I am inspired by the work of these friends, and I look forward to continue working with them. My meeting (15th St MM) has recently contributed to NYC AFSC’s collaboration with Riverside Church for parole reform, a program co-organized by Lewis Webb. And Laura Magnani speaks and writes movingly about the horrors of mass incarceration.
We all share a responsibility to dismantle the deadly prison-industrial complex. Thank goodness that people are beginning to understand this.
For people with little knowledge of the subject, a superb source of information is Michelle Alexander’s book THE NEW JIM CROW.

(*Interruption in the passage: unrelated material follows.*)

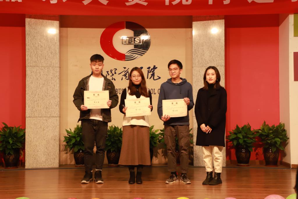 10位参赛选手演奏完毕,工作人员严格紧张的统计分数之际,评委对参赛选手的表现进行逐一点评。最后,热烈祝贺18级中加4班的周含同学的琵琶演奏获得第一名,17级工管2班的谭泽豪同学获得第二名,18级人资1班的姚哲同学获得第三名。三位评委依次为前三甲颁奖,并合影留念。

Thanks for this. Made me take Tim Newell’s 2000 Swarthmore lecture from the book shelve. He offers his experience as prison governor under the title ‘Forgiving Justice – A Quaker vision for criminal justice ‘. And then Dominic Barter and restorative circles.
I suspect the situation is nurtured by remnants of white entitlement embedded in the virus of colonialism. All colonised countries are contaminated by this curse. Perhaps we need to stop pruning the edges and concentrate on removing the root.
For example, in Australia the most disadvantaged are the First Nations people and they are most imprisoned indigenous people on Earth.
This is a country that has the audacity to claim that it is “….the land of the ‘Fair Go'”.
May we walk the path of Equity and genuine remorse.
This video is a vital response to mass incarceration. Recently, I read Douglas Blackmon’s book Slavery By Another Name. With each chapter, the realization hit me hard that we’re still doing this–I read about horrific cruelty committed against African Americans from the 1870s through to the 1940s in deeply racist areas of country. It was carried out by judges, sheriffs, politicians up to and including governors, and business owners. Present-day mass incarceration is a continuation of that legacy.